A winning strategy for emerging markets

Innovation is often a key driver to a company’s success. Take Siemens, for example, which has a reputation for being innovative – and successful.

But the correlation doesn’t stop there, according to Ursula Boehm, Vice President, Operations (International Business) at Siemens.

It’s one thing to be innovative, but product differentiation also goes a long way to maintaining market share.

Boehm says that where multinationals used to target top-tier cities in China, Siemens for one, is homing in on rural areas in the country.

“If you look at China, you’ll see there is a vast difference (in terms) of customers. Take the example of hospitals: we might see hospitals in Beijing and Shanghai, as we see in Munich, Frankfurt or New York … If you go to the rural areas, they expect basic equipment, very basic things. And you need very different equipment to serve this market than to serve the first-tier cities.”

The largely untapped Chinese countryside of some estimated 800 million people, is what Boehm calls a “huge, huge market”.

She says that one of the company’s key strategies is not just to make high-end products to serve the well-heeled, but also to make products at a different price point for the mid- to low-range markets.

But low-cost products do not automatically mean that they have to be inferior. “We decided a couple of years back that one of our key strategies would be developing products, innovative products and solutions to enter this low-end market in basically all of the areas we are working in.”

Siemens has taken this one step further by “localising” their products. Boehm says this goes beyond just doing “a little bit of local sourcing”, but that the process of localisation encompasses product design, R&D and manufacturing.

In doing so, Boehm believes Siemens can be as competitive as the made-in-China companies. “If we are doing it in China, we can design products, to manufacturing, to sourcing, and fitting exactly the local market.”

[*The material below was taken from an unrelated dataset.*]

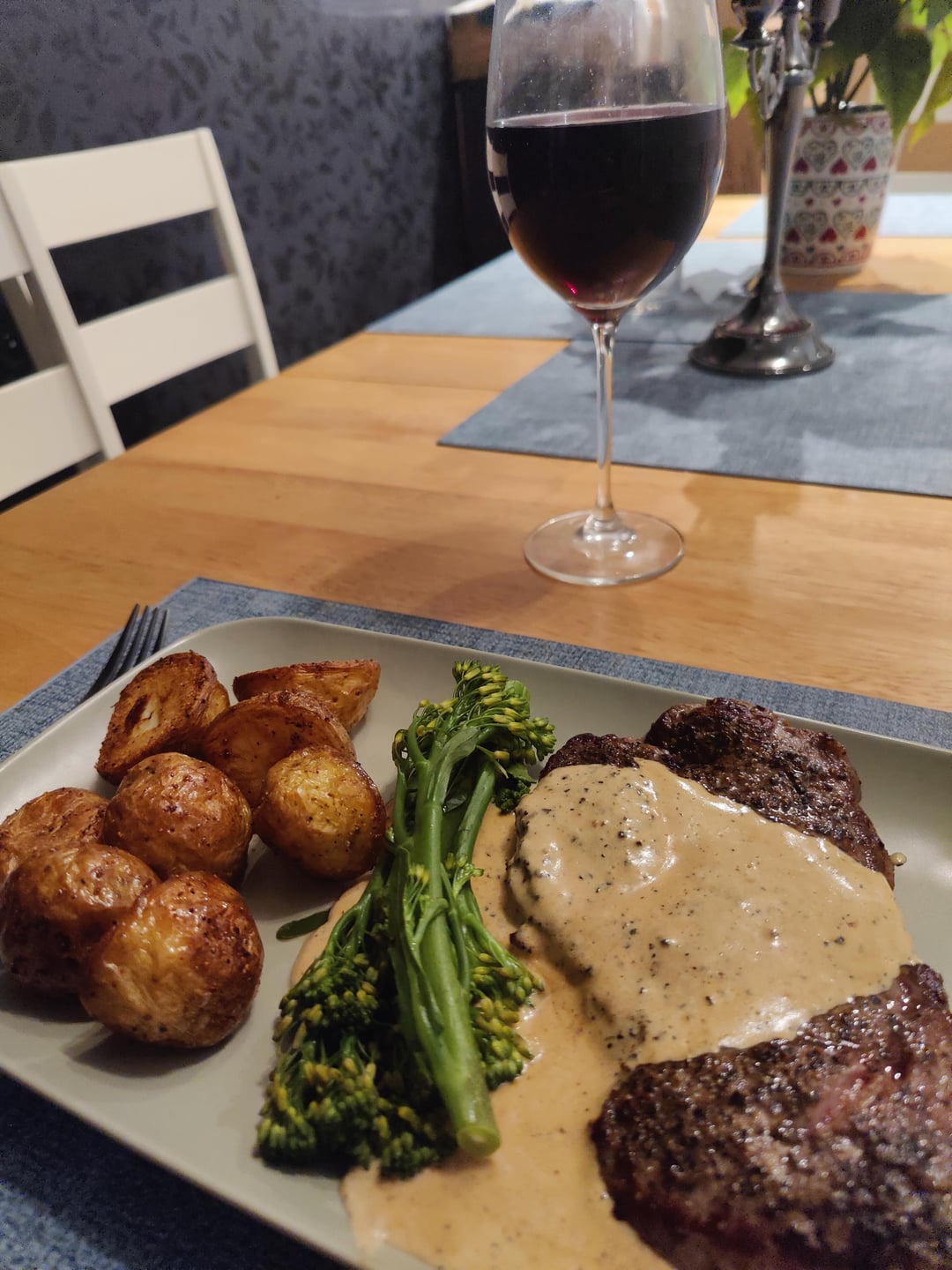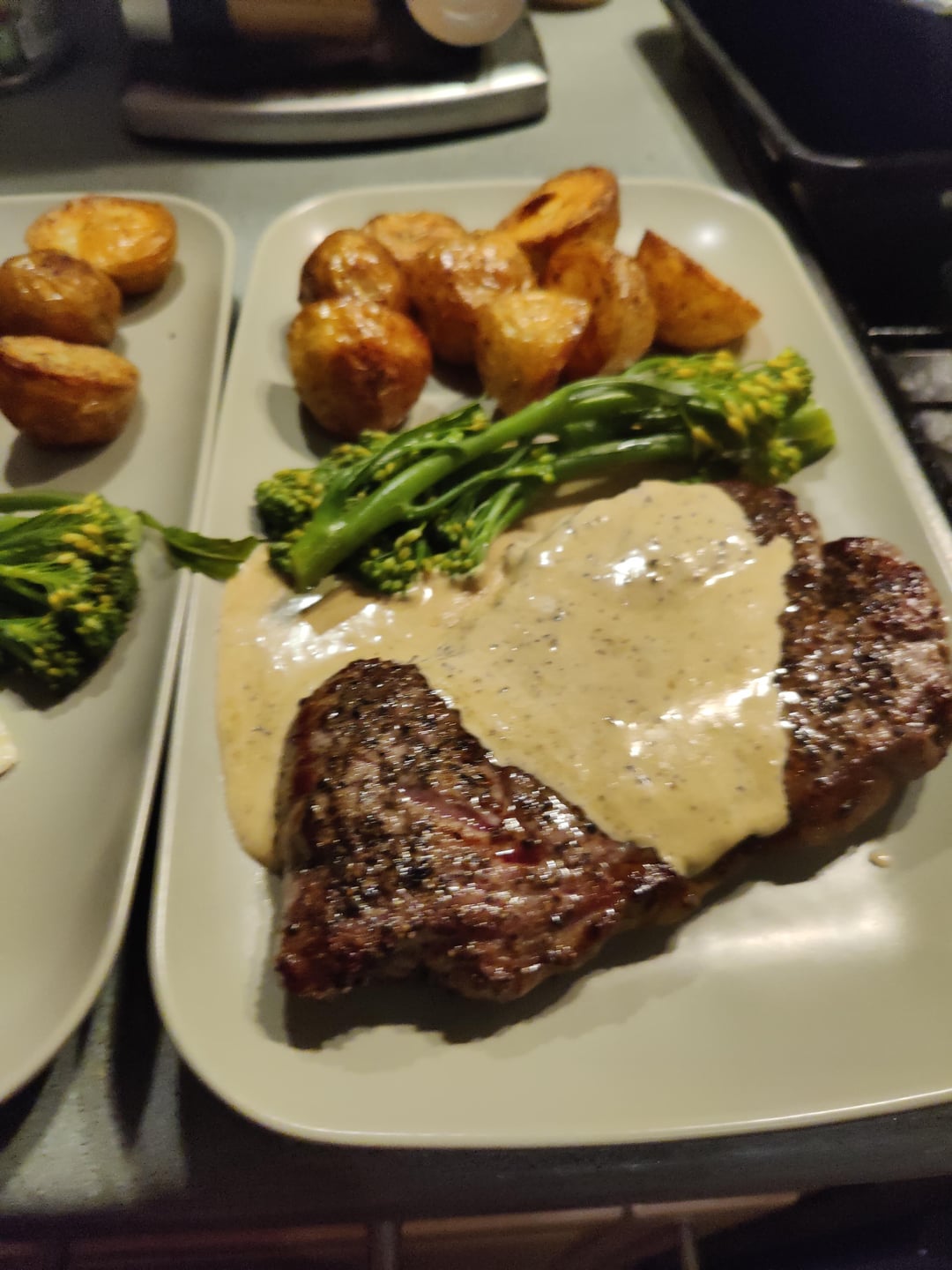 I wanted steak and peppercorn sauce. My girlfriend wanted salmon cooked in butter. We both agreed on the broccoli and roasted new potatoes.by tobotic Write A CommentYou must be logged in to post a comment.

In addition to being able to meet and match local price levels as a multinational in China, Boehm adds that company has now the added advantage of being able to export the products that were made in China, to other low-end markets in other countries. “(It) gives us tremendous scale which our local competitors don’t have.”

Boehm expects Siemens to continue to set its sights on emerging markets, and underpinning this directive is still innovation.

“It will be a major revenue driver, because in the high-end market, we have a very good market position - you can still grow there. But the growth markets are the mid-range and low-end markets.”

“Siemens is an innovative company. We cannot just be good in local markets by being cheap. You want to have products that are innovative for the local markets.”